I don't believe making huge amounts of RAM (~1 TB) available to the GPU was ever was intended as one of the purposes (points) of UMA, since it would be a rare use case where the GPU would need that much RAM, and Apple doesn't design its architecture for rare use cases.
Why not?
Apple are positioning themselves as a Hollywood 3d production company and access to GPU memory is a massive constraint for high end modelling.
The Mac Pro in itself is aimed at a rare use case. Afterburner is aimed at a rare use case, and they created those cards for the prior Mac Pro and turned them into on-die processors in the M1 Pro/Max.
The only reasons we don't have GPUs with 1 TB of Ram today is due to impracticality and expense - not because it isn't desirable to have the GPU able to work on ANYTHING the CPU has access to as/when required without needing to do data copies around the place.

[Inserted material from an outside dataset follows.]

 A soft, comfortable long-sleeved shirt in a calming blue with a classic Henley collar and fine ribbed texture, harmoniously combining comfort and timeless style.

Even if the GPU itself doesn't need 1Tb, the whole point is that it can process stuff the CPU may need it to process, which could be anywhere inside the 1TB of memory the CPU has.

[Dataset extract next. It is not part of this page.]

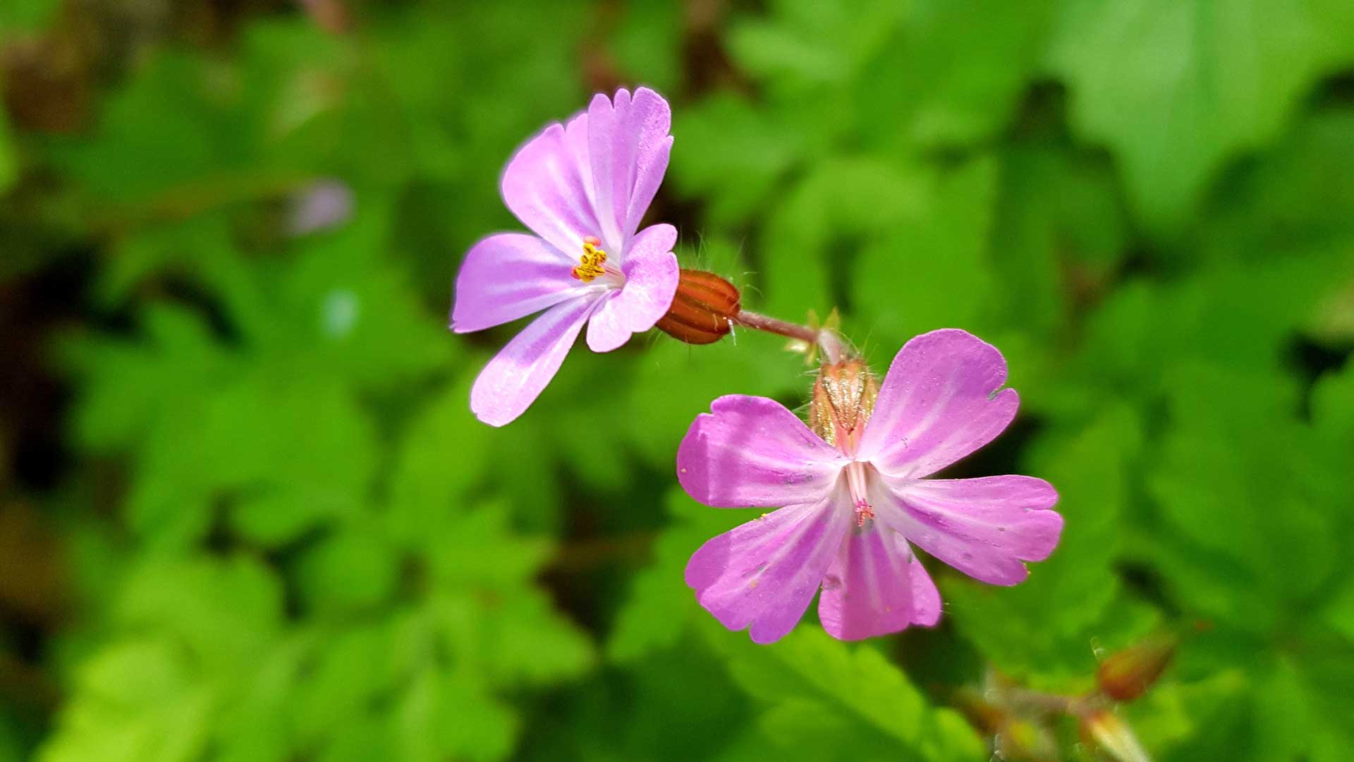 Unter Hecken, an Waldrändern, neben Mauern und an halbschattigen Orten wächst ein kleines sparriges Kräutlein aus der Familie der Geraniengewächse, dessen kleine hellrosaroten, radiärsymmetrischen Blüten dem Betrachter das Herz mit Freude erfüllt. Es ist das Ruprechtskraut, auch Stinkender Storchenschnabel genannt. Der Name Storchenschnabel leuchtet ein, denn die spitz auslaufenden Samenkapseln sehen tatsächlich wie die Schnäbel der Störche aus.

Apple's developer talks at WWDC explain the purpose of UMA was so the GPU and CPU could have access to the same RAM pool, obviating the need to copy data back and forth between GPU and CPU RAM
You even posted (quoting Apple which backs up my point) that the whole point is that the GPU can access the memory the CPU has. If the CPU has 1 TB (and that's not a massive amount in 2021) then the GPU needs access to that 1 TB for the whole unified model to work.
If you have a seperate island of memory (some fraction of the the 1TB for the CPU) that the GPU can't access in its entirety, you're back to copying data around which is inefficient.